22 Mar 2010 06:17:34

Robert Key tells the Commons about the moment he cheated death as a 10-year-old schoolboy

Picture 24 Last week saw the Second Reading of the Cluster Munitions (Prohibitions) Bill, which will ban the use, development, production and acquisition of cluster bombs.

The debate included a remarkable speech from Robert Key, the Conservative MP for Salisbury who is about to step down from Parliament. He explained that his passionate support for the Bill dates back to an incident from his childhood. As he explained:

"On Friday 13 May 1955, when I was 10 years old, I was on Swanage beach in Dorset with some 20 other children of about the same age. We were doing what children on a beach on a Friday afternoon in May do-building sandcastles, digging holes in the sand, making dams and so on.
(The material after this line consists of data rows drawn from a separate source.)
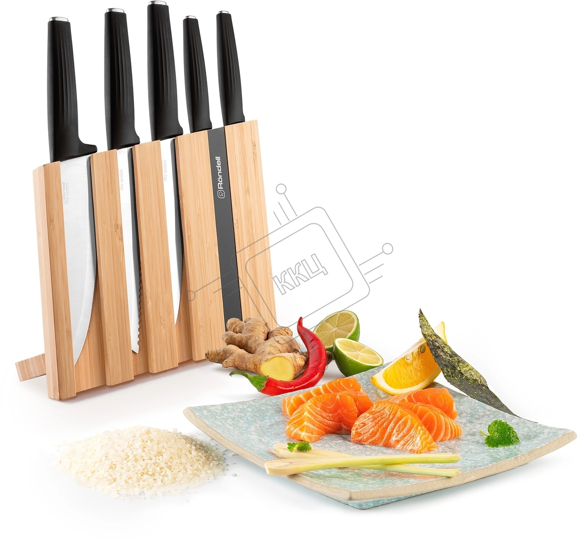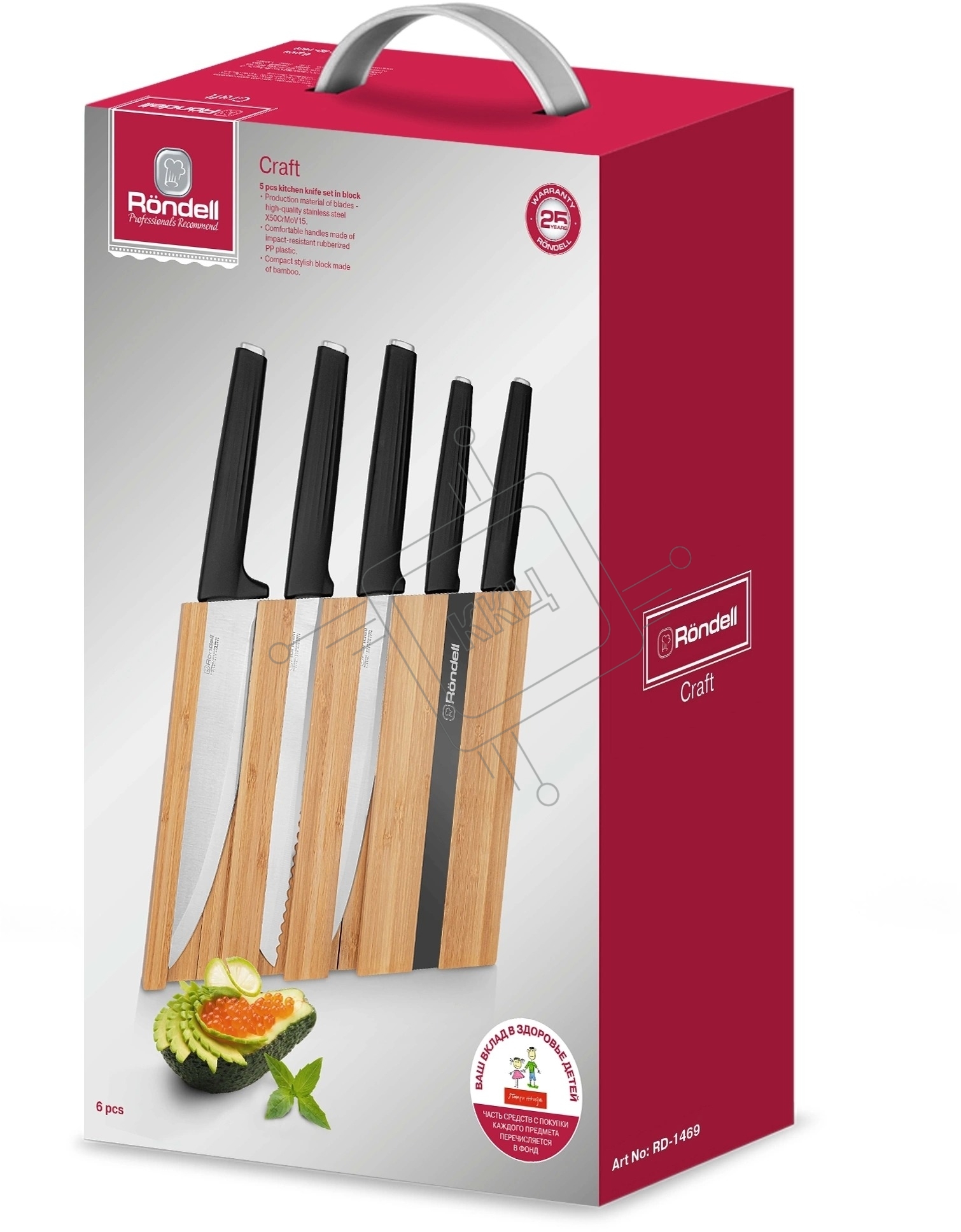 Набор ножей кухонных Rondell RD-1469 компл.:6предм. с подставкой разноцветный подар.коробка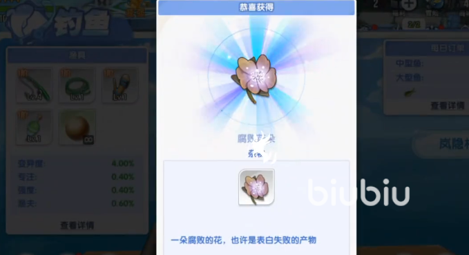 后续又出现“腐败的花”,甚至连续数次空竿,仅见进度条缓慢增长,体验感明显下降。究其原因,关键在于未充分理解影响垂钓结果的核心参数:专注度与变异度。当前4%变异度正位于水生生物掉落判定阈值区间,微小变动即可显著改变产出分布。若初始属性全为零,则极大概率仅获得杂物类道具。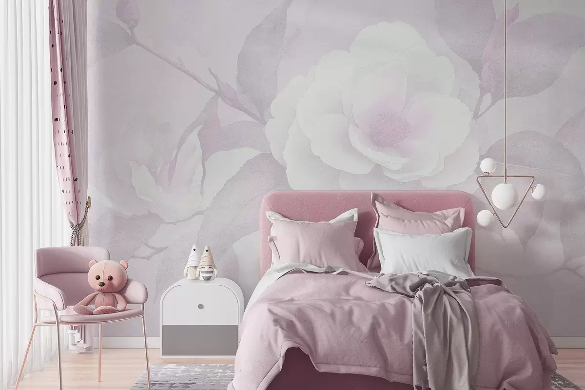 Fotomurales Pastel suave con flores de camelia en la rama, colores rosados Nr. w03760v2

I was building my castle with a chap called Richard Dunstan: five of my friends were digging holes, and then one of them found a tin. He thought that it was Spam, or something really exotic-yes, Spam was exotic in 1955. He was wrestling to move it, because it was lodged between two rocks. He got out a shoehorn but could not break the tin open. The boys stood back, and were seen throwing things at it.

"My friend and I got bored. We turned round. We had our backs to our friends, and were about the same distance from them as I am from you, Mr. Deputy Speaker, when there was a huge explosion. We were blown into the sea, and lived. Five of my friends died. Five British children were blown up by a British mine on a British beach, within my living memory, and the living memory of many other people. It was an extraordinary thing. It happened in the middle of the 1955 general election. The front page of the following day's edition of The Daily Telegraph carried a story with the headline, "4 Boys Die, One Missing in Explosion". Below that, smaller headlines stated, "Big Crater Torn in Beach" and "Wartime Mine Theory".

"There was not much theory involved for the five who were killed, or for the two of us who were the luckiest people alive. I still think that I am the luckiest person alive in this House."

He went on to explain how, as a minister decades later, he had obtained the police and coroner's records from the time, which recorded that there were dozens of mines unaccounted for on Swanage beach after a clearance certificate had been issued.

He concluded, in what could yet turn out to be his final speech in the Commons:

"This is a horrendous story, and I repeat it to the House to point out that on the issue of mine clearance, whether it is cluster bombs, cluster munitions or mines of any kind, the impact is the same on a child of 10 at play, whether in Beirut or in Swanage. Personally, I would like to see the mystery of the missing mines of Swanage bay cleared up."

"I support the Bill-of course I do, after what I have been through in my life. I still think I am the luckiest Member to be alive. It motivated me in my politics, and it motivated me to be interested in defence once I came to the House. I have done that for 27 years. I hope the lessons of Swanage beach will not be forgotten. I hope the Bill will be but one step on the road to realising that although war may have to be fought, we should always strive to do it honourably, morally, with integrity, and always and everywhere with the minimum impact on a civilian population that has not put itself in harm's way. That is my wish, and that is why I support the Bill."